Regression of American Exceptionalism
“I do not believe in American exceptionalism, except in one way. In the recent decades, the U.S. has been exceptionally bad.” Jeremy Grantham, co-founder of GMO and long-term investment strategist, did not pull any punches with Mike Green, of Logica Capital Advisors, in the latest Mike Green In Conversation. Grantham and Green examined if we are in a market bubble similar to that from 1999-2001, why the best investment opportunities may be in China and how the United States is regressing compared to the rest of the world.
The Opportunity – China is catching up fast to the United States in many areas. In others they are exceeding. Grantham notes that ESG trades, climate change and venture capital are the areas where China appears to have more upside. China is moving full steam ahead on their green economy, but the U.S. is bogged down in petty politics and failed leadership.
“The problems we face today can only be dealt with collectively. They are climate change, where you need leadership, and you need regulation,” Grantham stated. They are COVID-19, where you need that leadership and well-organized, standard blocking and tackling which we seem to be incapable of doing. We have toxicity in the system, which is ruining the fertility of homo sapiens and undermining the viability of the natural system, and that needs regulation.”
Green points out the irony to reach a green economy requires some dirty production. Mining and processing of rare earth metals, copper, nickel and cobalt will put local populations in jeopardy of health risk, but both he and Grantham surmise the ends may justify the means.
“We paid the price. We made the rush to become a rich country,” Grantham explained. “Frankly, they are doing a hell of a lot better than we did there. In other words, they are addressing that toxic air much quicker and better than we did back in the late 19th century and the early 20th century. If you were their bosses, and you had inherited a billion poor people, and 400 million that might be faintly described as middle class, you would say your job number one was to get as many people as you could across the Great Divide into being relatively well-educated, relatively well-fed and clothed, and part of the industrial system. They have done that. They are now one of the halves as opposed to the have nots.”
Venture Capital – Venture capital is one area where the United States continues to excel but China will catch up over the next 20 years unless changes are made.

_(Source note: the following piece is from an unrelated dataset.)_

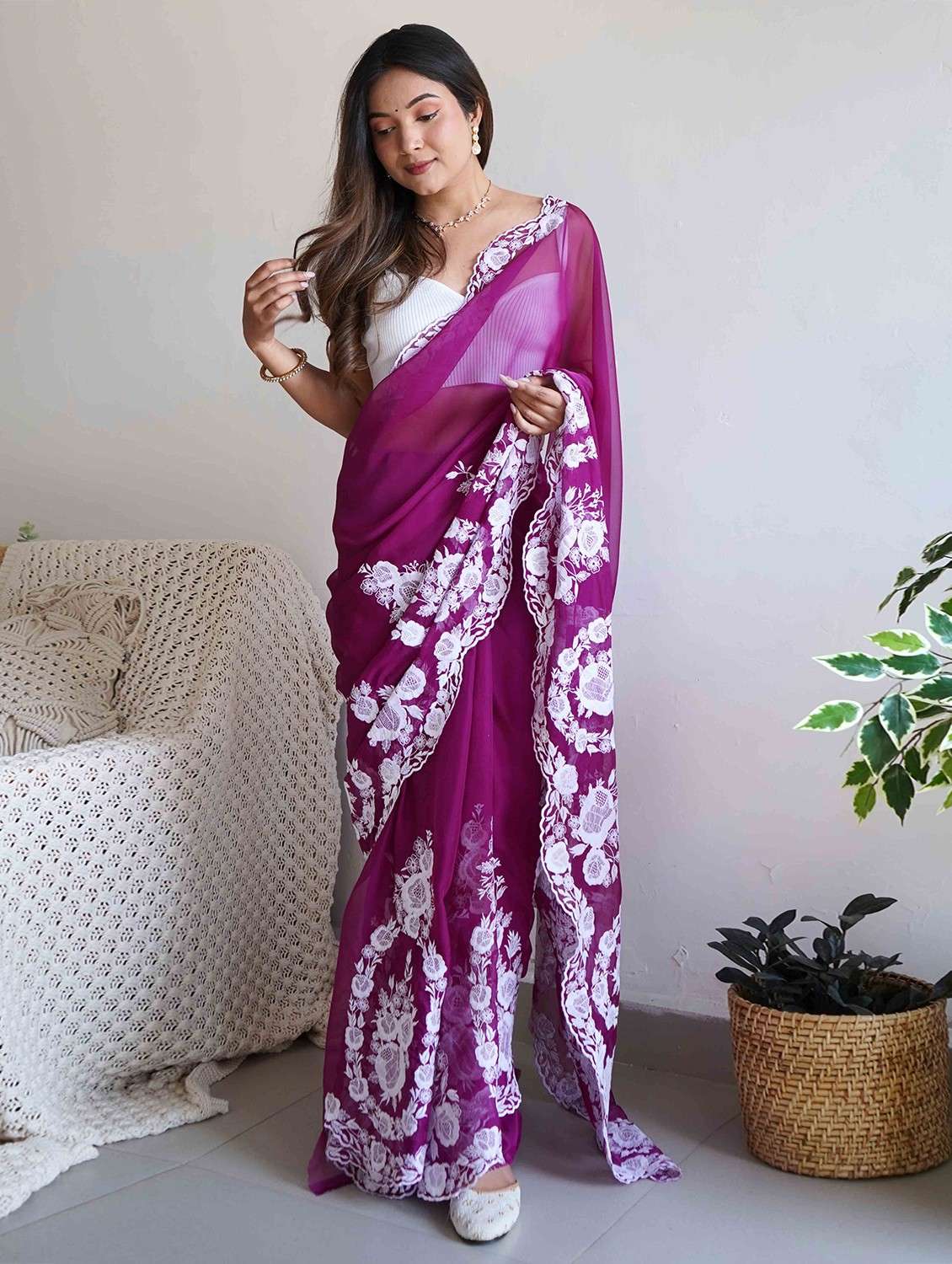 This Wine saree is beautifully detailed with floral thread embroidery, creating a festive and eye-catching look. Made from soft georgette fabric, it offers a lightweight, comfortable drape. The saree is paired with an unstitched satin blouse piece, giving you the flexibility to tailor it as per your style. Perfect for parties, weddings, and special occasions.

Grantham does not see that as inevitable, it requires the west to recognize they need to make changes.
“Paradise, for me, would be a vital venture capital industry, much better funded even than it has been, doubles, triples, quadruples of money coming in, an R&D budget that is funded both through venture capital and through corporations and through government at much higher levels, combined with a sensible long-term oriented set of realistically scientific based regulations designed to get us to a suitable place in the distant future, and not a series of ad hoc 18-month plans that dominate the politics and business as usual,” Grantham opined. “Thirdly, a retooling of the social contract.”